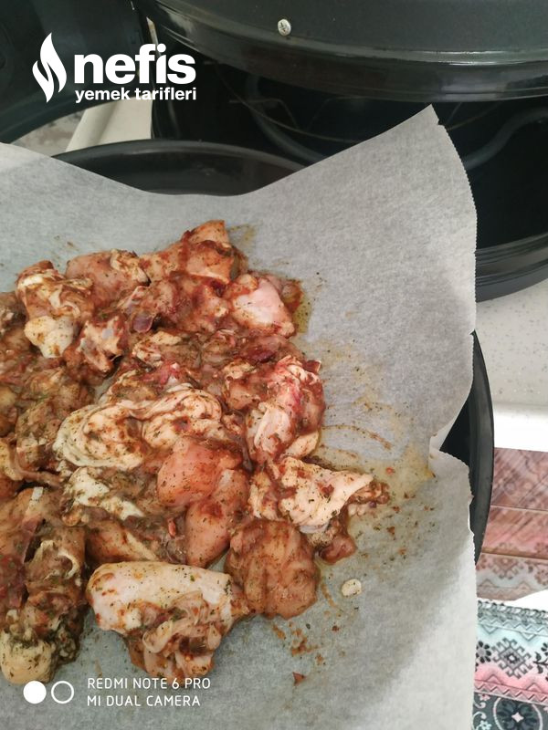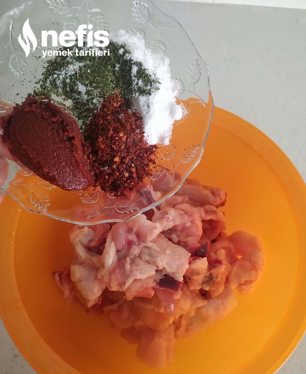 - Doğranmış tavuğumuzu 1 tatlı kaşığı tuz ,1 tatlı kaşığı nane,1 tatlı kaşığı pul biber ve yarım çay bardağı sıvı yağ ile harmanlıyoruz.
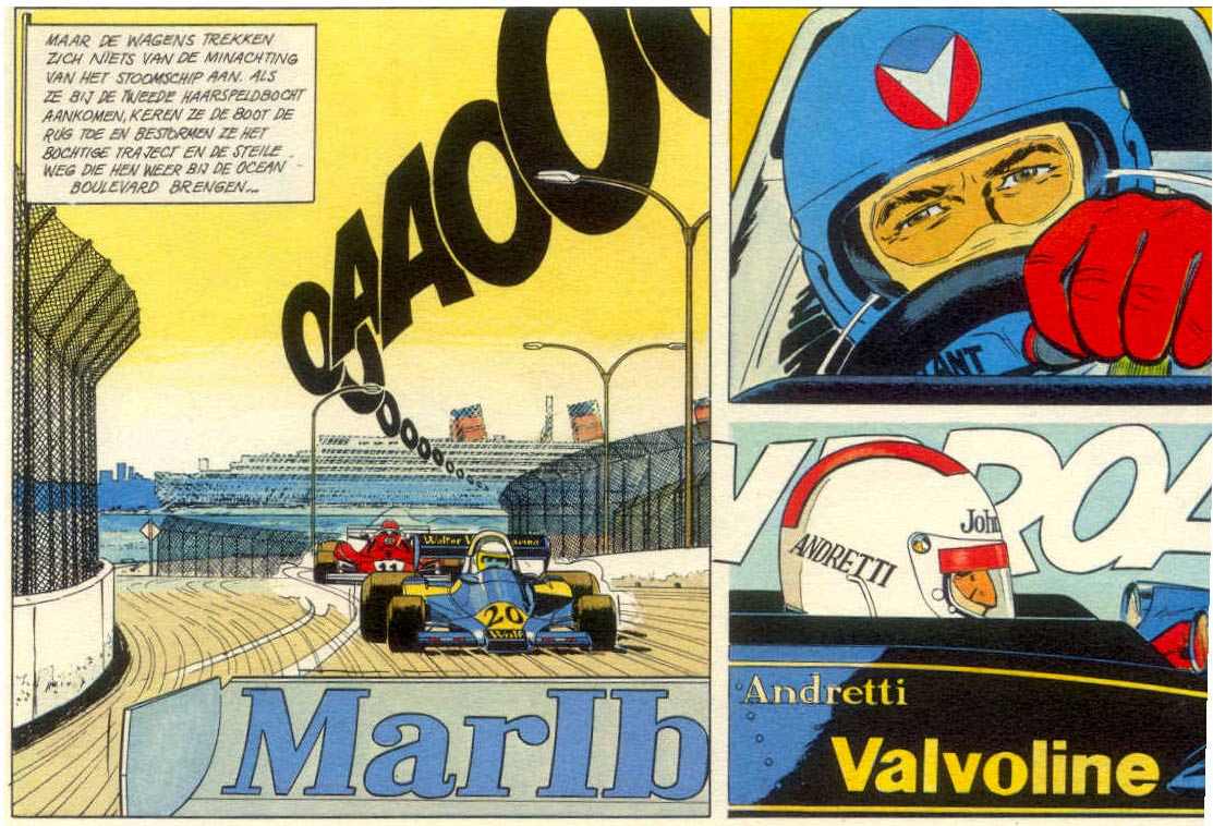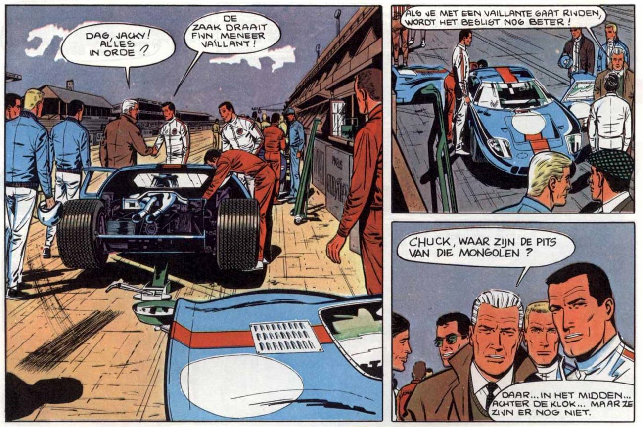 One of Graton's best friends was the Belgian race car champion Jacky Ickx, whom the comic artist knew from his early years at the sports paper Le Journal des Sports. Ickx' father was a journalist and race car driver, who often visited the editorial office with freshly written articles. Jacky was about eight years old at the time, but despite their age gap, he and Graton struck up a lifelong friendship. When, as an adult, Ickx became a professional race driver in the mid-1960s, he often provided Graton with relevant background information about the sport. Around this time, he coincidentally also became one of the greatest champions, making him eligible for a guest role in the 'Michel Vaillant' story 'Le Fantôme des 24 Heures' (1970). After publication, Ickx' father treated Graton to a dinner at a seaside restaurant in De Haan, because he felt this comic book appearance was beneficial for his son's career. As Ickx won more championships throughout the 1970s and 1980s, he had several extra appearances in 'Michel Vaillant'. So much in fact, that he basically became a secondary cast member. In later stories, Ickx' daughter Varina (a racing champion herself) was also a recurring character.
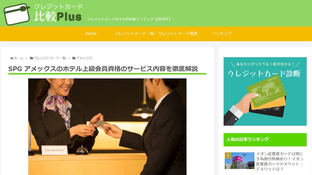 私事で恐縮ですが今回ご依頼いただきましたので「SPG アメックスのホテル上級会員資格のサービス内容を徹底解説」という記事を「クレジットカード比較Plus」様に寄稿し、掲載して頂きましたのでご報告させて頂きます
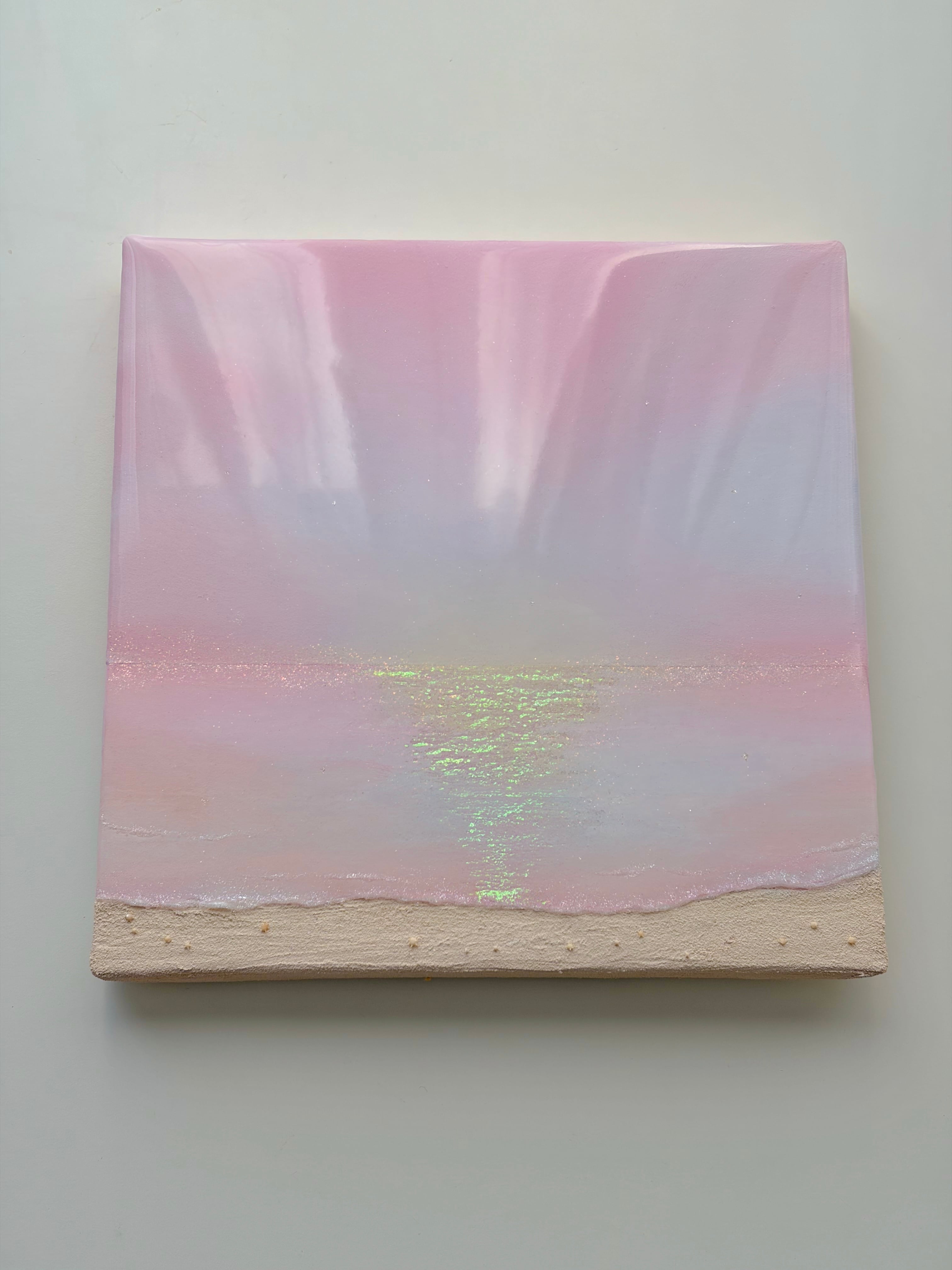 仕上げ:繊細なラメを何種類も入れた、レジンコーティングで透明感と奥行きを演出しています。
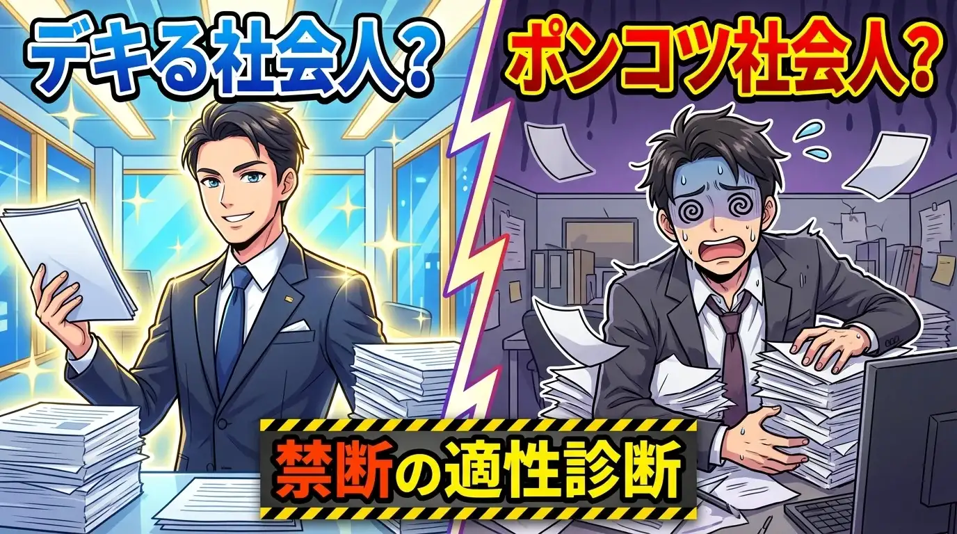 あなたの隠れた社会人レベルを暴く禁断の診断!デキるビジネスパーソンか、それとも愛されポンコツか?全20問で真実が明らかに。
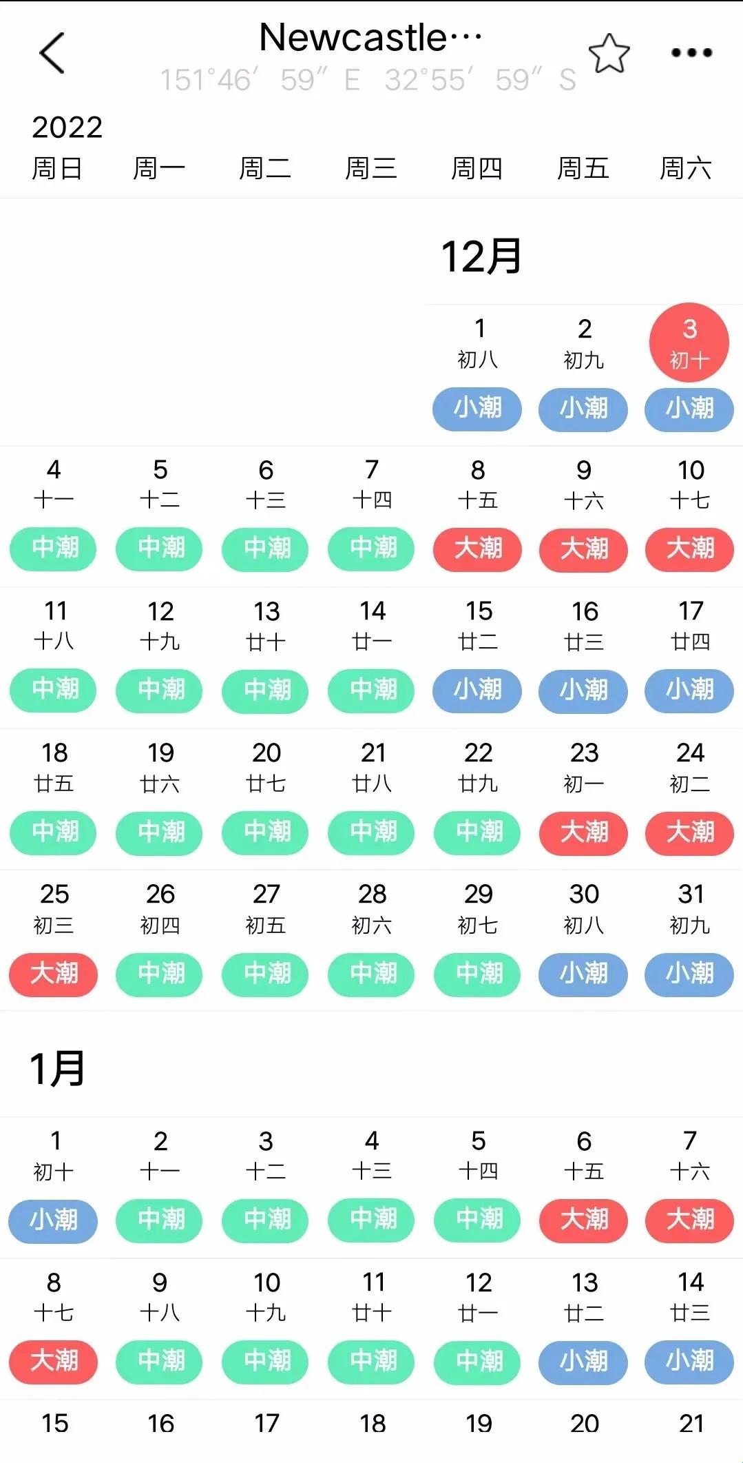 4、还可查看小潮,中潮和大潮情况。
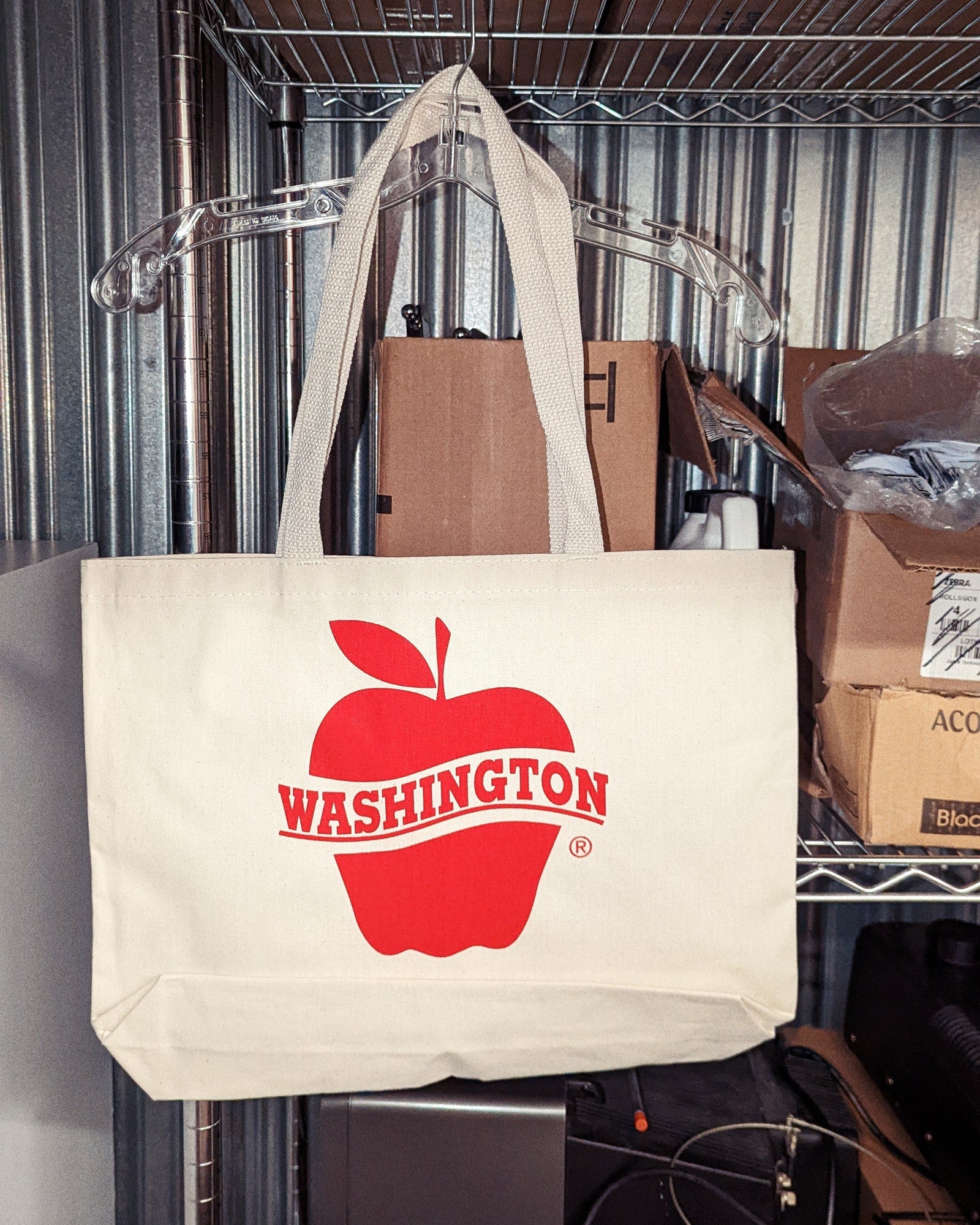 This tote is made of a hardy natural cotton canvas, with apple-red ink graphics on either side. One side features the iconic logo of the WAC, the other this slogan in a wonderful script.
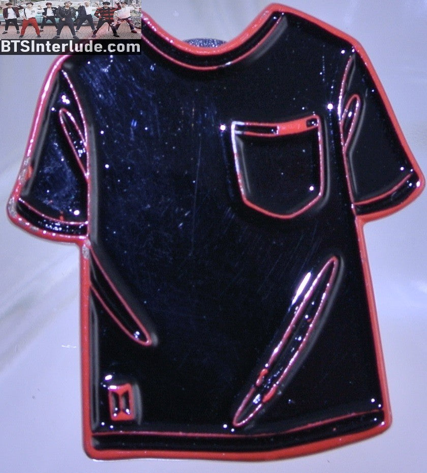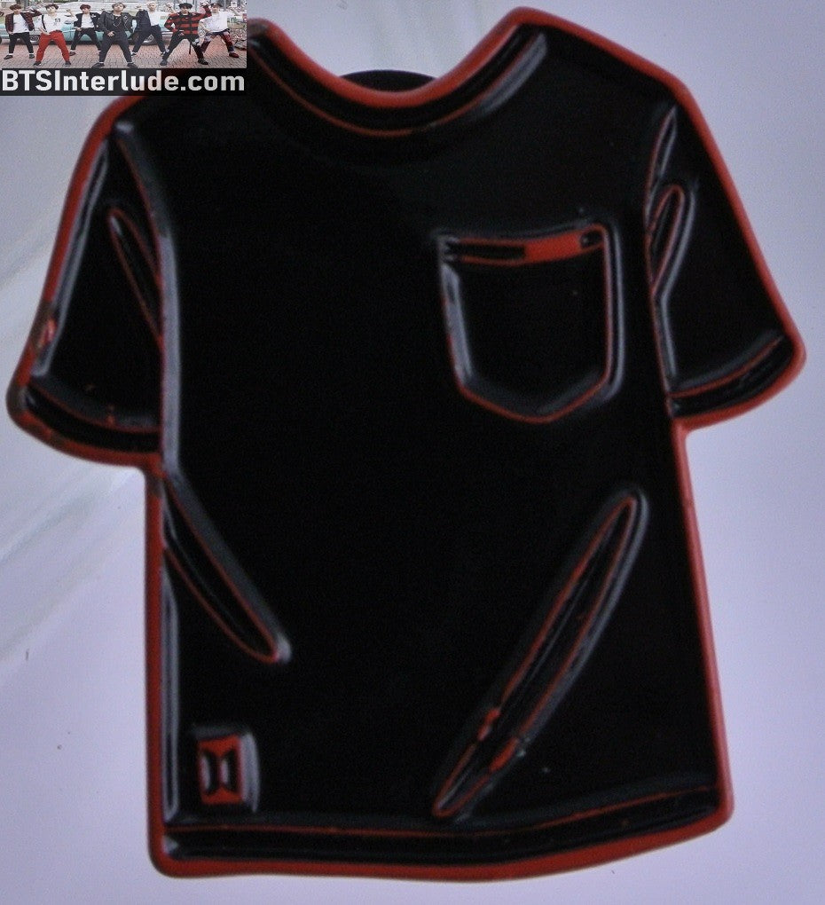 This is a beautiful orange soft enamel pin BTS black t shirt with pocket...from A Tiny Pin Club pins....little bit of chipping of paint on back...#6653

[WHAT YOU NEED TO DO] The range to print runs from the line with "仕上げ:繊細なラメを何種類も" through the last line of the entries, both included; keep it exact and skip the pictures.

[EXPECTED ANSWER]
 仕上げ:繊細なラメを何種類も入れた、レジンコーティングで透明感と奥行きを演出しています。
 あなたの隠れた社会人レベルを暴く禁断の診断!デキるビジネスパーソンか、それとも愛されポンコツか?全20問で真実が明らかに。
 4、还可查看小潮,中潮和大潮情况。
 This tote is made of a hardy natural cotton canvas, with apple-red ink graphics on either side. One side features the iconic logo of the WAC, the other this slogan in a wonderful script.
 This is a beautiful orange soft enamel pin BTS black t shirt with pocket...from A Tiny Pin Club pins....little bit of chipping of paint on back...#6653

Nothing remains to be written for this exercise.